YOUR TASK:
Below are the records; extract from them the line containing "allen + roth" to the line containing "Saco / Mochila", both lines included, exactly and with no pictures.
[Opening RECORDS PROVIDED section]
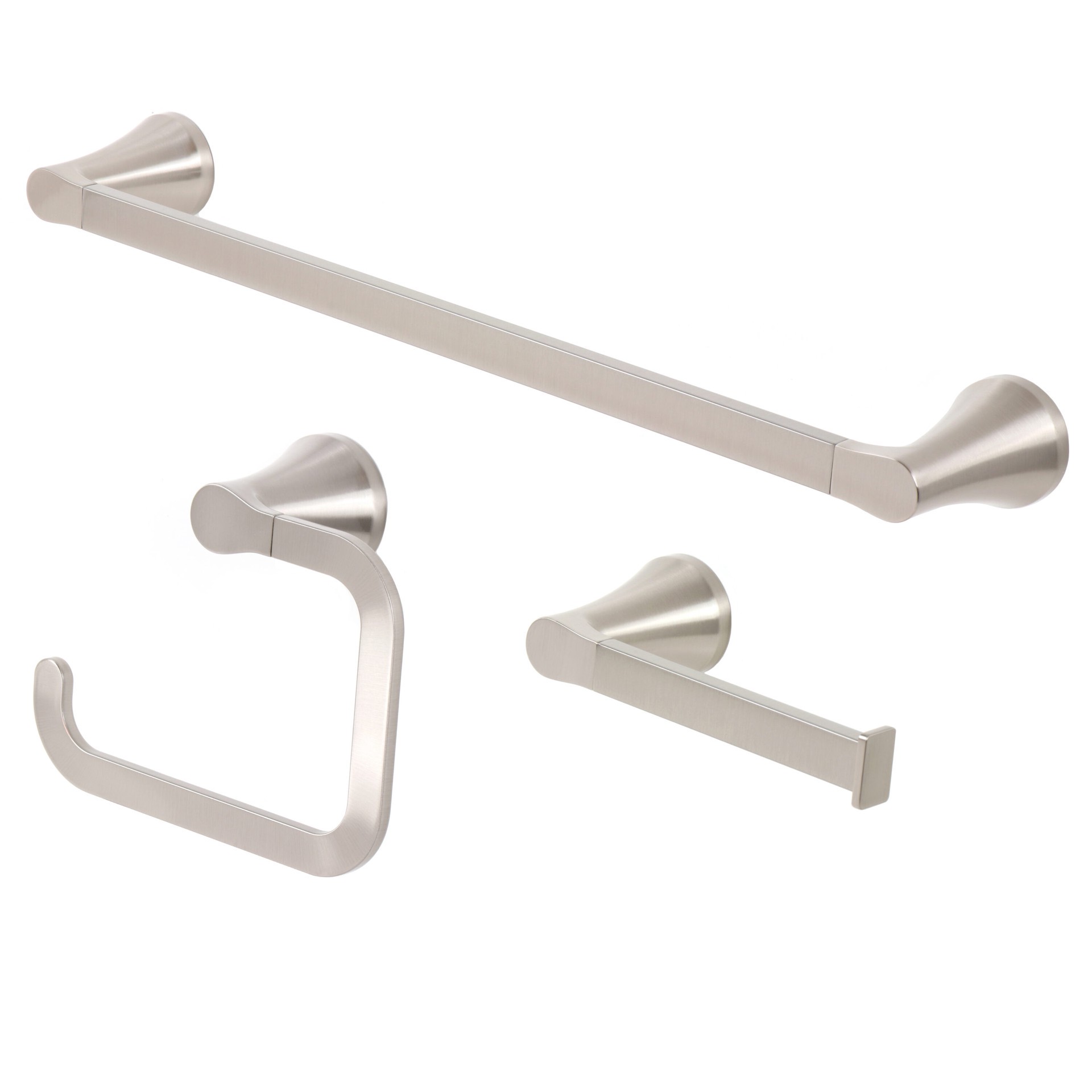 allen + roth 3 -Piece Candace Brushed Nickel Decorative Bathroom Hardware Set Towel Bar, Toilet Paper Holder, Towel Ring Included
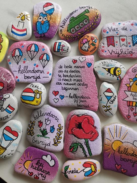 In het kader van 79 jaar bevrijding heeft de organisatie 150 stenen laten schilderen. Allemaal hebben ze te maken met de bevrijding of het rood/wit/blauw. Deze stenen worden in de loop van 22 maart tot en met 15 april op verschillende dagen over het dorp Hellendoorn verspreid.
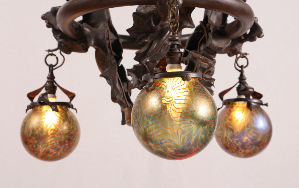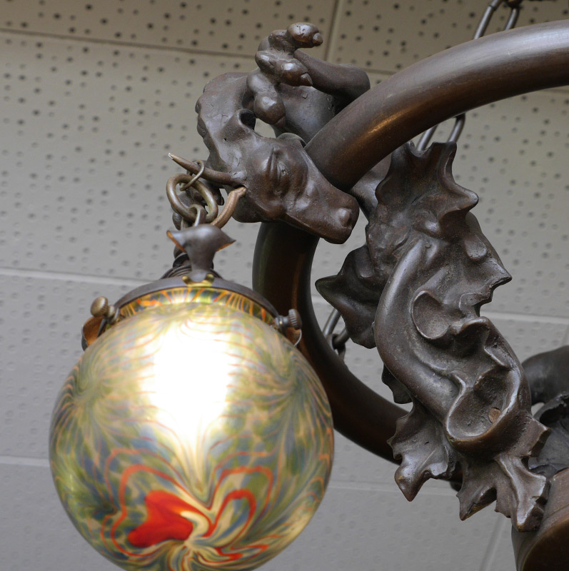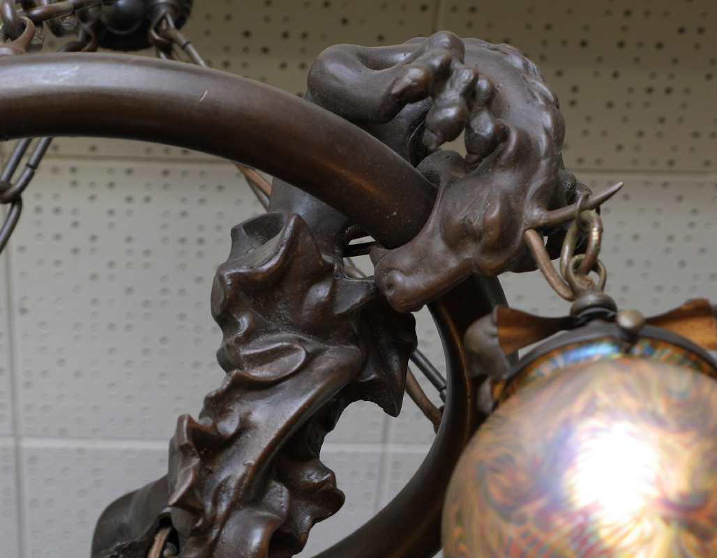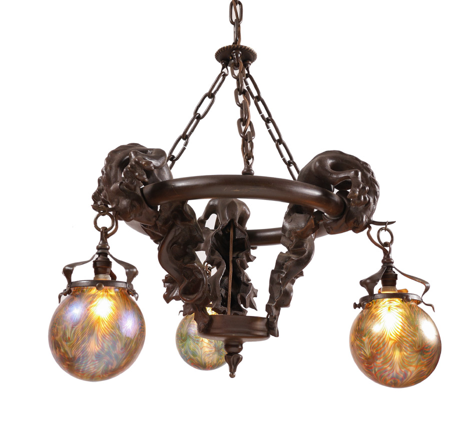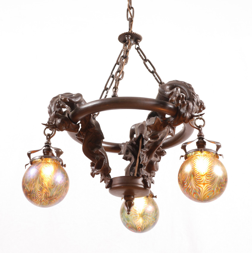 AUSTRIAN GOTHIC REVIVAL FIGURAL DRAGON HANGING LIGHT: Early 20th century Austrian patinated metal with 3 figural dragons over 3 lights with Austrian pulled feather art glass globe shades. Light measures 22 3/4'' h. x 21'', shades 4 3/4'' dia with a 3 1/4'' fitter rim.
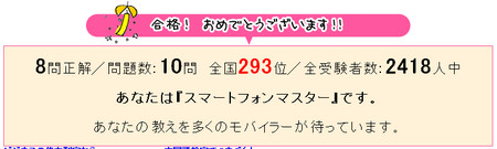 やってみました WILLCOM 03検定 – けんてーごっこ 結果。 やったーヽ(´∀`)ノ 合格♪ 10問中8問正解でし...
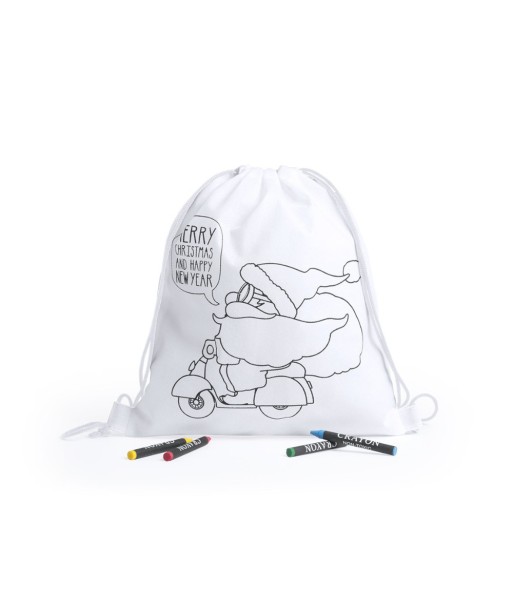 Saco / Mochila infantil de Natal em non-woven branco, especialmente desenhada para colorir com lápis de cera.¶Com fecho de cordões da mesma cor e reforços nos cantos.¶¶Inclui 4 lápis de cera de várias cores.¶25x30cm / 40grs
[Closing RECORDS PROVIDED section]
[Opening RECORDS PROVIDED section]
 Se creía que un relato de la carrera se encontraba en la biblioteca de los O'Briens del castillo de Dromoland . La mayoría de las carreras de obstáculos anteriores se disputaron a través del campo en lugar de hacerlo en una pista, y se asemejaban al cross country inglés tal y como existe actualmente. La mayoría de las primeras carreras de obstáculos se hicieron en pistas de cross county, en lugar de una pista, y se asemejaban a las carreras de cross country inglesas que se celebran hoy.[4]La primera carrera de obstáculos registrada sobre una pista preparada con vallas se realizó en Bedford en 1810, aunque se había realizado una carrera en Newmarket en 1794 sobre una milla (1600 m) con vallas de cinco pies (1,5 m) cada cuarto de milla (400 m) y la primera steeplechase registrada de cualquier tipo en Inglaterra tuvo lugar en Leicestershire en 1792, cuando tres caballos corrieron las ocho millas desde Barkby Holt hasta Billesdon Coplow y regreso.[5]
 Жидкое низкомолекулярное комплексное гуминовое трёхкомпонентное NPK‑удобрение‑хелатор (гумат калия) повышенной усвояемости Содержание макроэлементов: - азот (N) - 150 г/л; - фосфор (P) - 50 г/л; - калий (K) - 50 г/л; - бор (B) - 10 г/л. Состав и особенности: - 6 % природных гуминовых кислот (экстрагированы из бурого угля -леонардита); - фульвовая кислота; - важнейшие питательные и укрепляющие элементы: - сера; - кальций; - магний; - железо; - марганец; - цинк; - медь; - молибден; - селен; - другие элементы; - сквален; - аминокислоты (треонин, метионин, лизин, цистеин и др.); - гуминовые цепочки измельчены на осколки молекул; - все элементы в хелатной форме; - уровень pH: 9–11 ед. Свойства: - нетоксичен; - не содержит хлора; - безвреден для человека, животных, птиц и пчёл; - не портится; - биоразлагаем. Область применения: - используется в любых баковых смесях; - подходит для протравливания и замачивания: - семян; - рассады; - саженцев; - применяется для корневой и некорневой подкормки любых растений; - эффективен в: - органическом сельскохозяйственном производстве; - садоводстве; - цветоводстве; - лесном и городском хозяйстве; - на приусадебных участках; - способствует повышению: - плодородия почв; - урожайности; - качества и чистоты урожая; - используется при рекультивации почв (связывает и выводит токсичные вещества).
[Closing RECORDS PROVIDED section]
EXERCISE RESULT:
 allen + roth 3 -Piece Candace Brushed Nickel Decorative Bathroom Hardware Set Towel Bar, Toilet Paper Holder, Towel Ring Included
 In het kader van 79 jaar bevrijding heeft de organisatie 150 stenen laten schilderen. Allemaal hebben ze te maken met de bevrijding of het rood/wit/blauw. Deze stenen worden in de loop van 22 maart tot en met 15 april op verschillende dagen over het dorp Hellendoorn verspreid.
 AUSTRIAN GOTHIC REVIVAL FIGURAL DRAGON HANGING LIGHT: Early 20th century Austrian patinated metal with 3 figural dragons over 3 lights with Austrian pulled feather art glass globe shades. Light measures 22 3/4'' h. x 21'', shades 4 3/4'' dia with a 3 1/4'' fitter rim.
 やってみました WILLCOM 03検定 – けんてーごっこ 結果。 やったーヽ(´∀`)ノ 合格♪ 10問中8問正解でし...
 Saco / Mochila infantil de Natal em non-woven branco, especialmente desenhada para colorir com lápis de cera.¶Com fecho de cordões da mesma cor e reforços nos cantos.¶¶Inclui 4 lápis de cera de várias cores.¶25x30cm / 40grs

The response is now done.